Writing in the current issue of New Political Science, Saladdin Ahmed reviews Timothy W. Luke’s Screens of Power: Ideology, Domination, and Resistance in Informational Society, recently published in a new edition by Telos Press. Purchase your copy of Screens of Power today in our online store and save 25% off the list price.
An excerpt of the review:
Screens of Power first came out in 1989, a time that would turn out to be the most significant historical turn in global politics after World War II. The book’s author, Timothy W. Luke, offers a concrete account of the history of neoconservatism, grounding his claims in critical analyses of the production of signs, codes, and mass opinion that were at the time making evident their systematic role in the perpetuation of what would emerge as capitalist absolutism.
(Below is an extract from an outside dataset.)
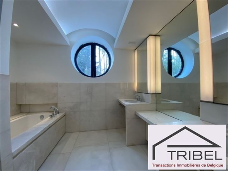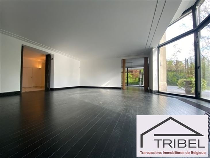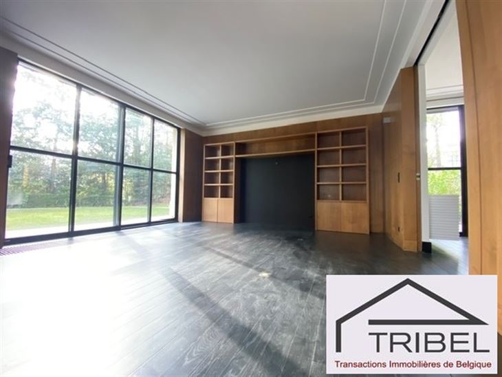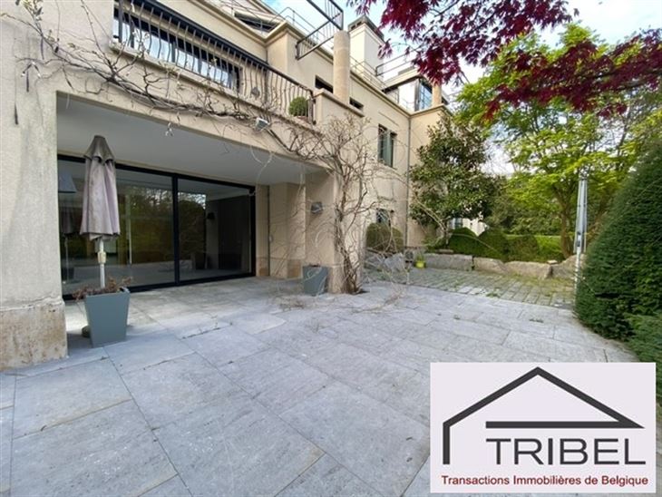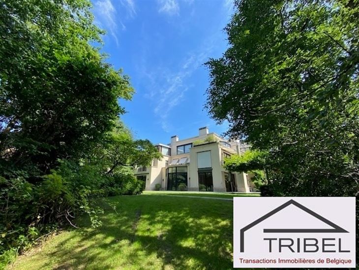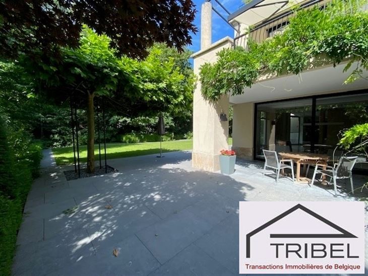 UCCLE (sur la très prestigieuse avenue du Prince d'Orange), en fond de terrain dans une villa à appartements construite par l'architecte MARC CORBIAU, exceptionnel rez-de-jardin de +/- 320m², comprenant: grand hall d'entrée, vestiaire, wc invités, vaste séjour (avec FO) et salle à manger donnant accès vers de sublimes terrasses ainsi que le jardin orienté SO, cuisine entièrement équipée, chambre des maîtres avec dressing et SDB, bibliothèque, 2 chambres, sdb + wc, sdd, chambre pour du personnel avec sa propre sdd + wc. Cave et sa buanderie + 2 emplacements de voiture en sous-sol. Libre à l'acte. Pour conditions et visites: 02 344 88 84 / sales@tribel-immo.be / www.tribel-immo.be

Luke’s book offers a groundbreaking view of both the macro levels of social mobilization and micro processes of ideological hegemony under which corporate capitalist actors would eventually achieve this end. . . . About three decades later, the soundness of Luke’s analysis barely needs any defense. To be clear though, as an exemplary work of critical theory, Screens of Power did not engage in the business of prophecies and game of predictions. Instead, it had the ability to look directly into the actually existing, and one might say with hindsight, ever-growing abyss of capitalist absolutism. The book may have seemed pessimistic in 1989, but now it reads as a faithfully realistic analysis of the neoliberal age.